▸ Assignment
Reproduce only the lines that begin at the line with "O verbo danebengreifen" and run to the end of the entries; omit every picture.

▸ Records provided

.....

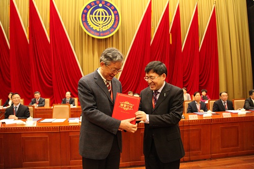 王恩东向八届委员会主席唐启升颁发荣誉证书
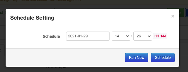 바로 Run Now를 하셔도 되고, 시간을 맞춘다음에 원하는 시간에 테스트를 진행할 수도 있어요
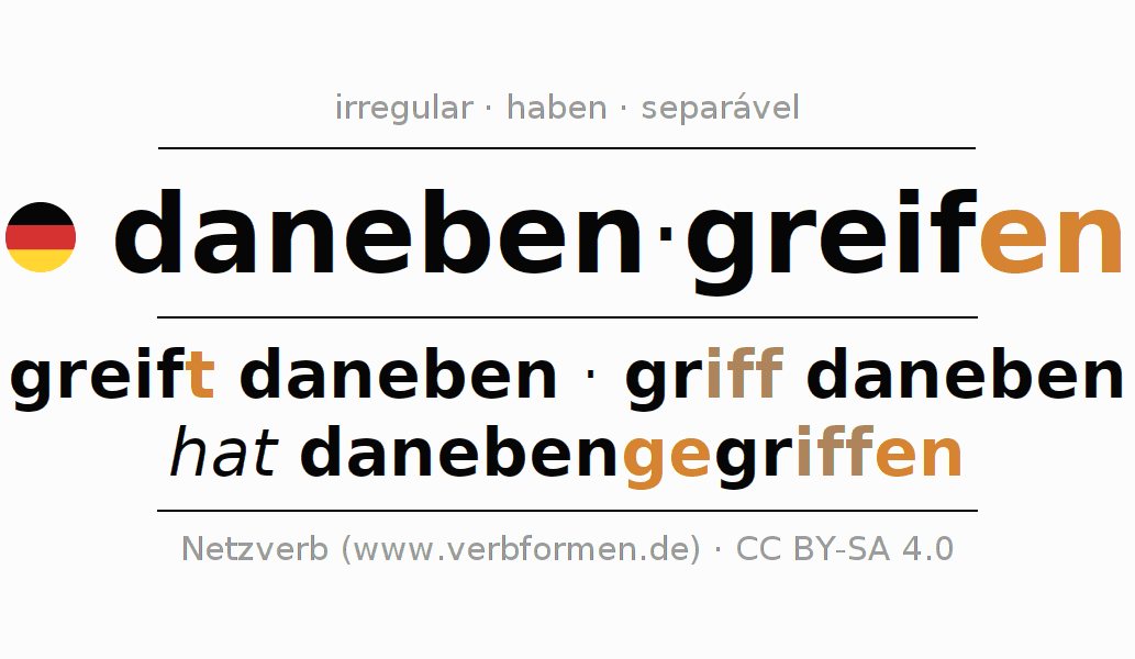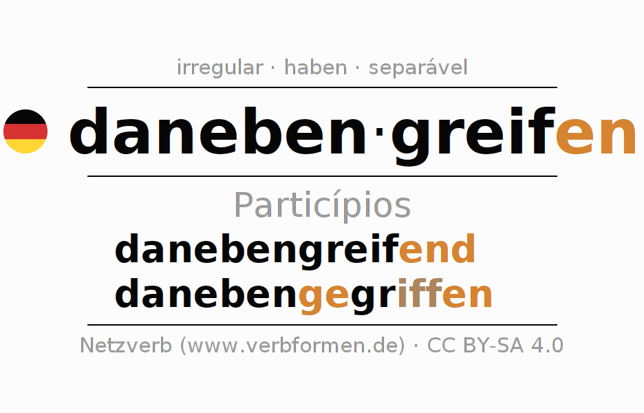 O verbo danebengreifen é totalmente conjugado em todas as pessoas e números no Particípio Presente Perfeito
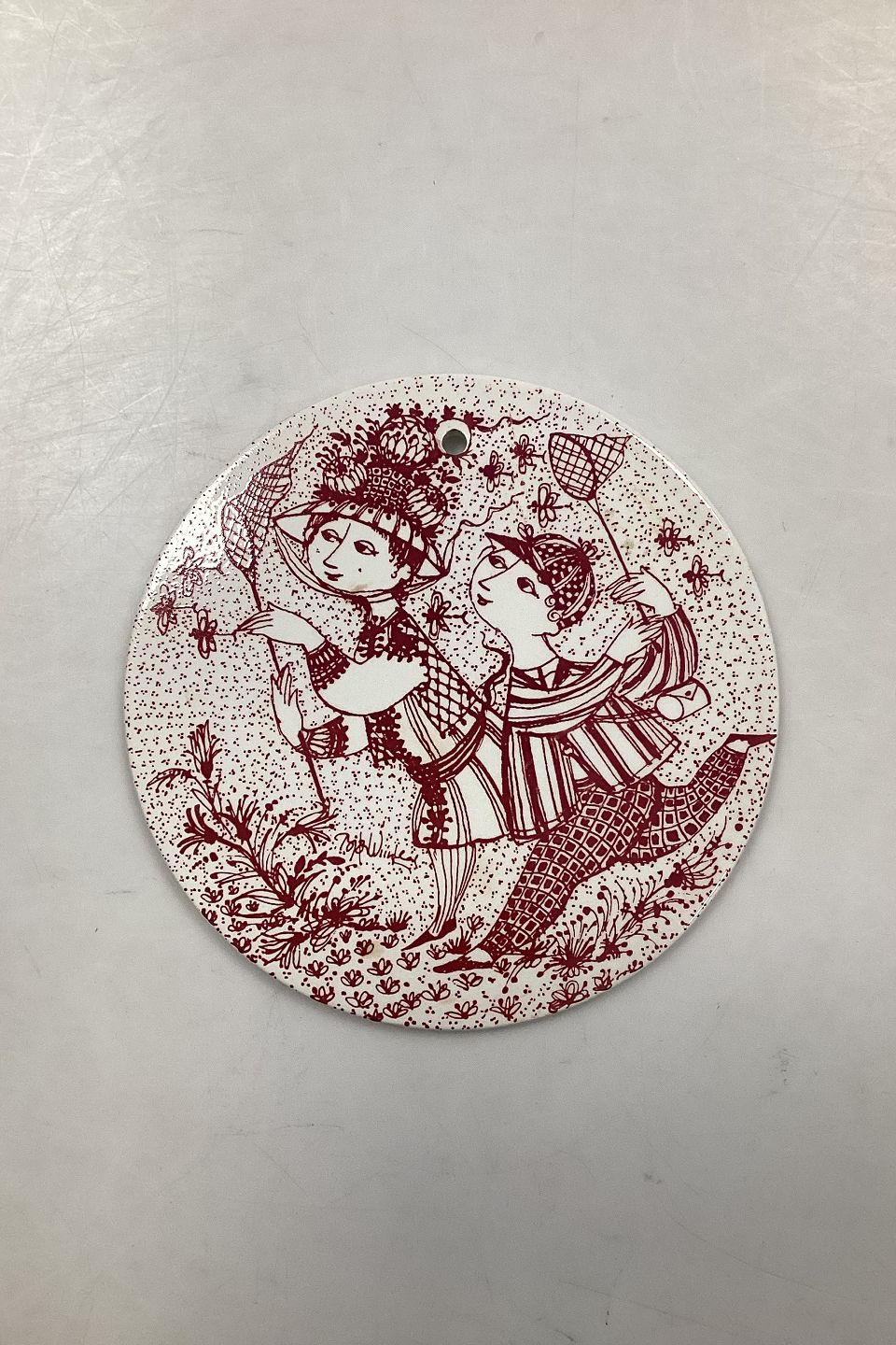 Rød månedsplatte i fajance for august måned - BYE-BYE. Designet af Bjørn Wiinblad for Nymølle. I god stand. Fabriksmærket på bagsiden. Mål: 15 cm (5.90 inch.)
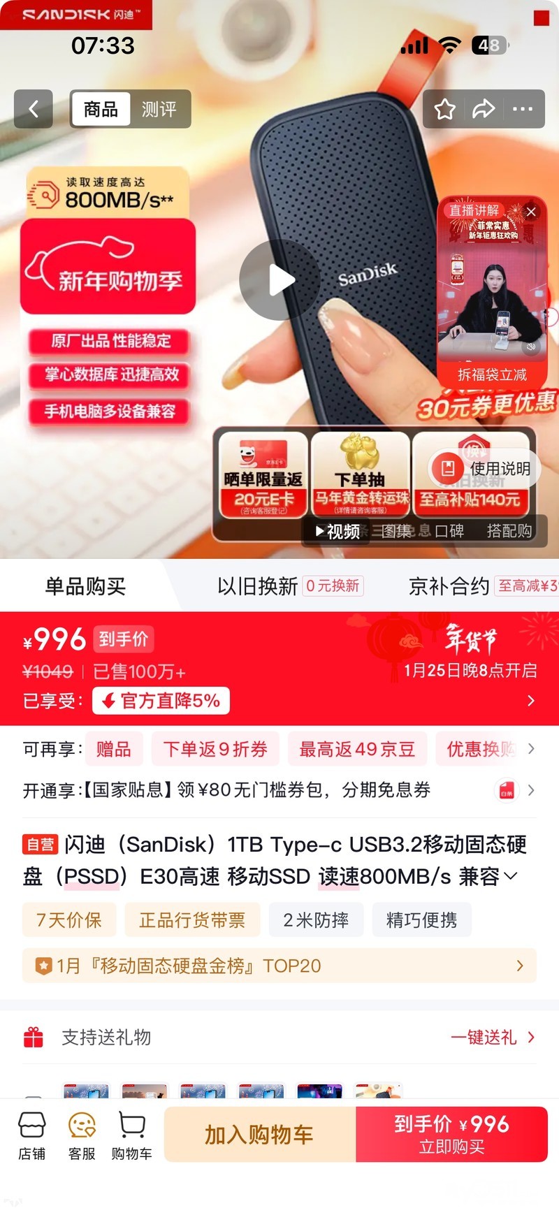 » 出一个1T闪迪移动固态SSD

.....

▸ Your response
 O verbo danebengreifen é totalmente conjugado em todas as pessoas e números no Particípio Presente Perfeito
 Rød månedsplatte i fajance for august måned - BYE-BYE. Designet af Bjørn Wiinblad for Nymølle. I god stand. Fabriksmærket på bagsiden. Mål: 15 cm (5.90 inch.)
 » 出一个1T闪迪移动固态SSD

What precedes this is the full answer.